Don’t read that twice – just say hello to the New Math. Here in England, where the media put the mallets to their collective tympani for all-Team GB all the time, one’s ear had to be pressed very close to the radio for news about any athletic glory redounding to anyone else.

But ok. Two weeks of harmless sporting jingoism does wonders for the commonweal, one supposes, and so now I can tell my co-residents here that, glory aside, United States Olympic team has something the British contingent doesn’t: a spreadsheet about its members, available worldwide here:

Just click the Sortable Roster link.

The workbook’s name could be asked about for starters, because properly structured, any data set should be agreeable to sorting. You’ll also take note of the cell borders sectioning off respective sport (team) rosters, demarcations that no longer demarcate once one takes the workbook up on its offer and actually sorts the data by say, Last Name or Height. Because the borders will remain exactly where they were drawn – even when the sorts reorder the records – they’ll now be bordering near-random assortments of athletes.

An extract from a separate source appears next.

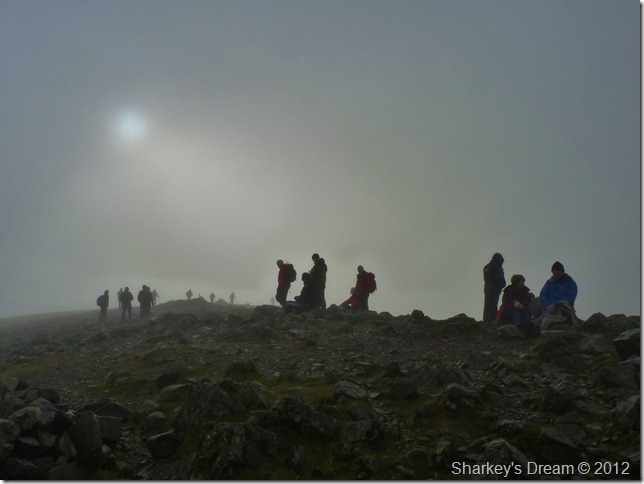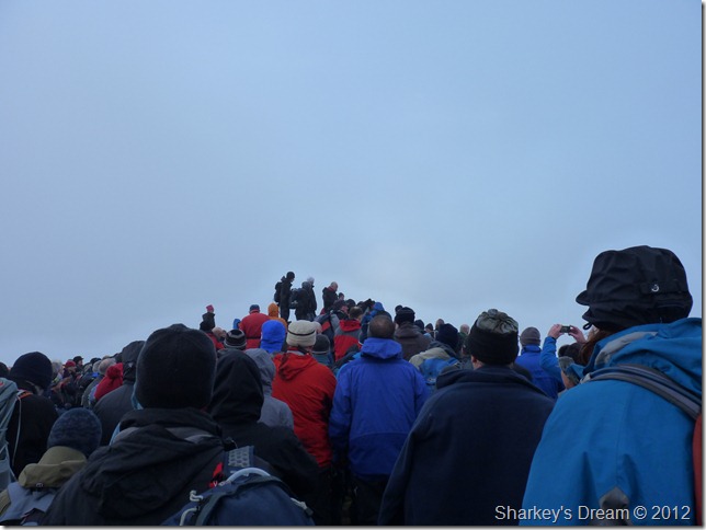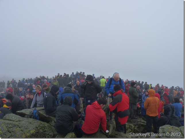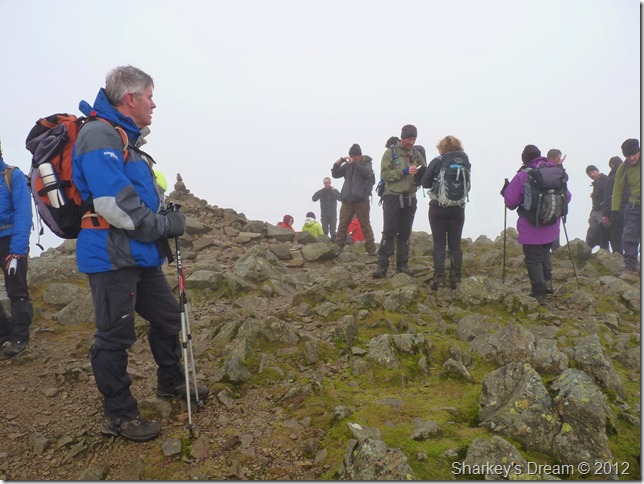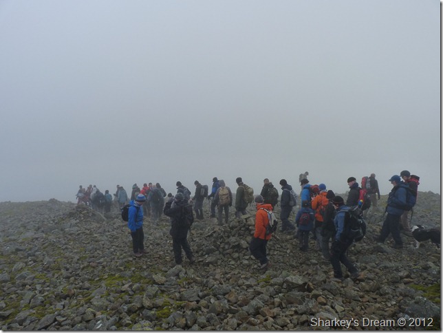 The summit was quickly filling up making standing in any one spot sometimes difficult, the rock underfoot was especially greasy which meant a wrong move could of been embarrassingly nasty for everyone involved.
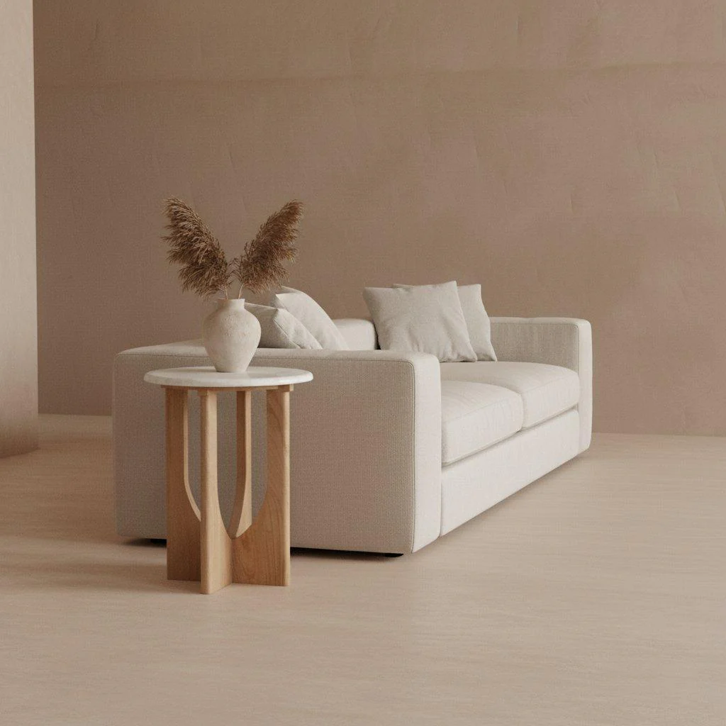 De Kuching bijzettafel marmer wit brengt licht en rust in huis. Met zijn frisse witte marmeren blad en het warme, naturel mangohouten onderstel vormt deze tafel een kalm middelpunt in de ruimte. Het ontwerp is eenvoudig, maar geeft een gevoel van harmonie en aandacht voor detail — precies wat past binnen een modern, Japandi of Scandinavisch interieur.

But now to the data. The Team USA site lets us know that 124 of the team’s 558 members, about 22%, are California-born, an impressive disproportion over and above the state’s 12% contribution to the American demographic whole. If we want to break team representation out by all states, then, a pretty straightforward pivot table should be up to that task:

Rows: Birth State

Values: Birth State (count)

Straightforward, but problematic, e.g. this excerpt:


We’ve seen this before, and now we’re seeing it again. The Olympics may encourage diversity, but promoting disparate spellings of the same state name is grounds for a DQ, at least in this event. Note the pairs of Calif., Colo. and Fla. in the screen shot, a spate of duplications (and there are others in there) inundated by superfluous spaces. Note as well the misspelled Cailf., and it seems that full attention hasn’t been paid to the business of getting the data in shape.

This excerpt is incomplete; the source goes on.